Towards Unsupervised Visual Reasoning: Do off-the-shelf features know how to reason?

Monika Wysoczańska

supervisor: Tomasz Trzciński



Recent advances in visual representation learning allowed to build a plethora of powerful features that are ready-to-use for numerous downstream tasks. Contrary to existing representation evaluations, the goal of this work is to assess how well these features preserve information about the objects, such as their spatial location, their visual properties and their relative relationships. We propose to do so by evaluating them in the context of visual reasoning, where multiple objects with complex relationships and different attributes are at play. Our underlying assumption is that reasoning performances are strongly correlated with the quality of visual representations. More specifically, we introduce a protocol to evaluate visual representations for the task of Visual Question Answering. We build an attention-based reasoning module with limited capacity trained on top of the frozen visual features to be evaluated.
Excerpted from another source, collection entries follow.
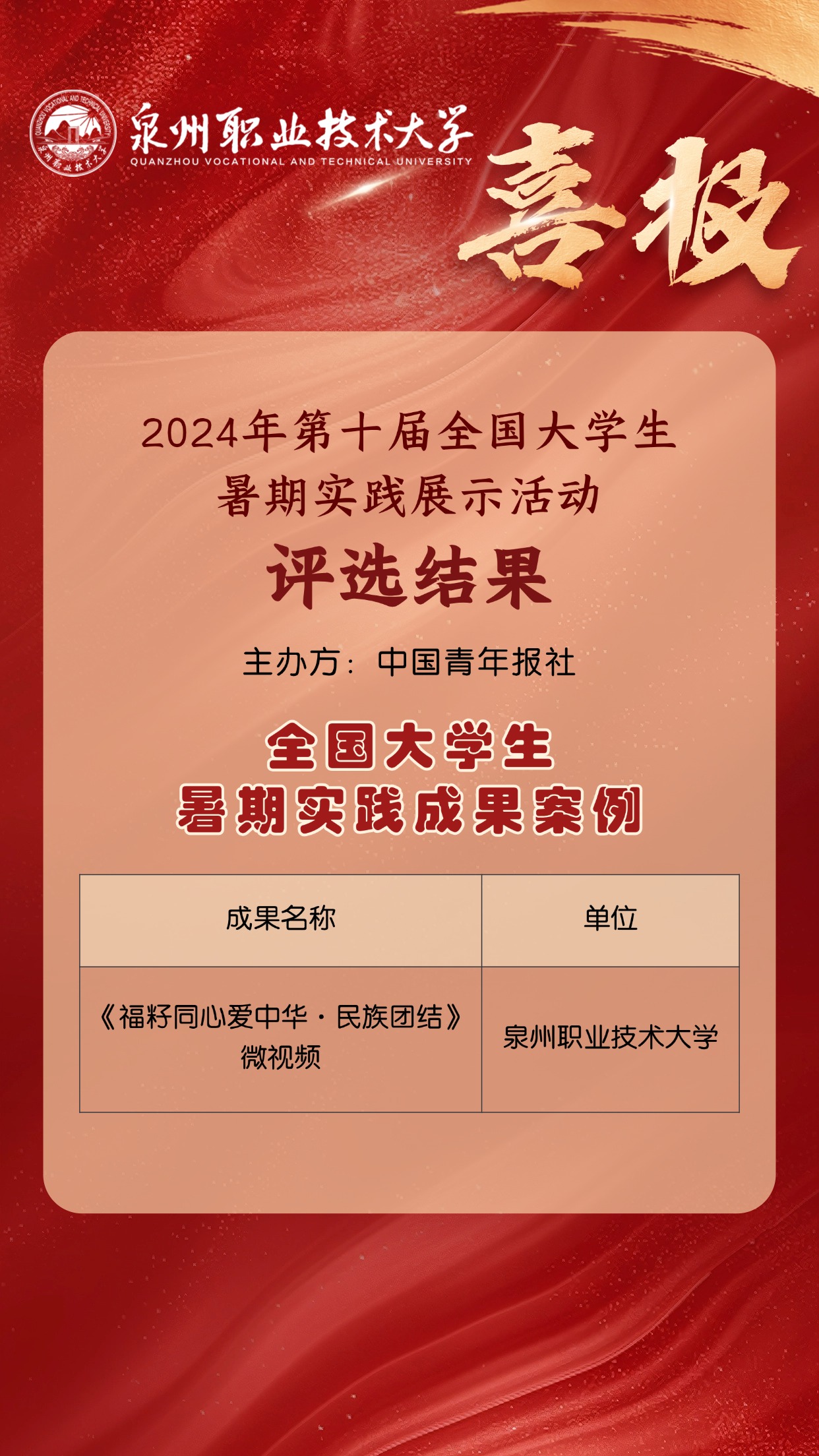 近日,由中国青年报主办的2024年第十届全国大学生暑期实践展示活动获奖名单发布。在清华大学、北京大学等全国各大高校共计4920支团队的激烈角逐中,泉州职业技术大学团委和三创书院组建的“福籽同心爱中华”铸牢中华民族共同体意识实践团的原创微视频《福籽同心爱中华·民族团结》入选“全国大学生暑期实践成果案例”。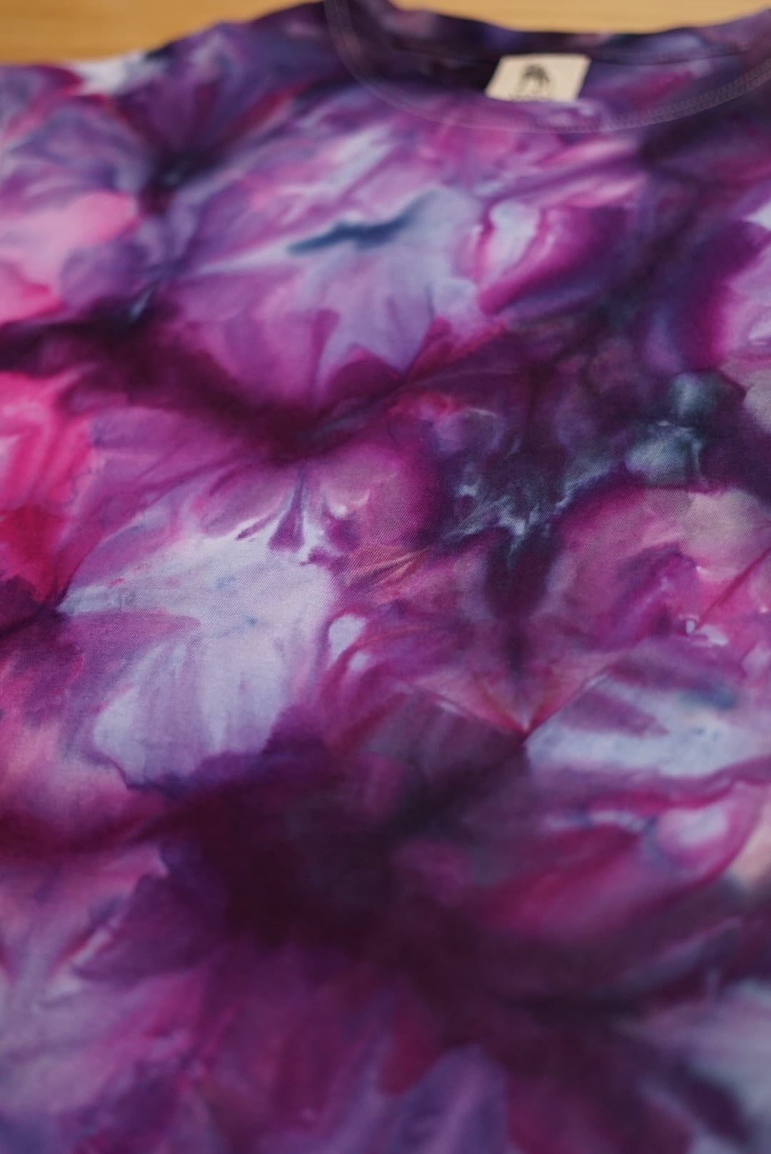 "アイスダイ"という技法で、染料を氷に溶かしながら色入れすることで、水彩画のようなオーロラ模様▪︎自然を表現しています!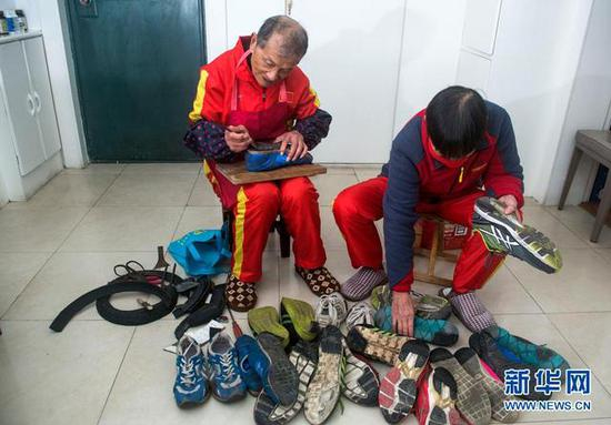 为了让鞋子穿得更久些,胡应福夫妇学会了修鞋子(11月27日摄)。

In order to decouple visual feature extraction from reasoning, we design a specific attention-based reasoning module of limited capacity and trained on the frozen visual representations to be evaluated in a spirit similar to standard feature evaluations relying on shallow networks. This involves constraining the complexity of the reasoning module as well as the size of the visual features. Using the proposed evaluation framework, we compare two types of off-the-shelf visual representations, densely extracted local features and object-centric ones.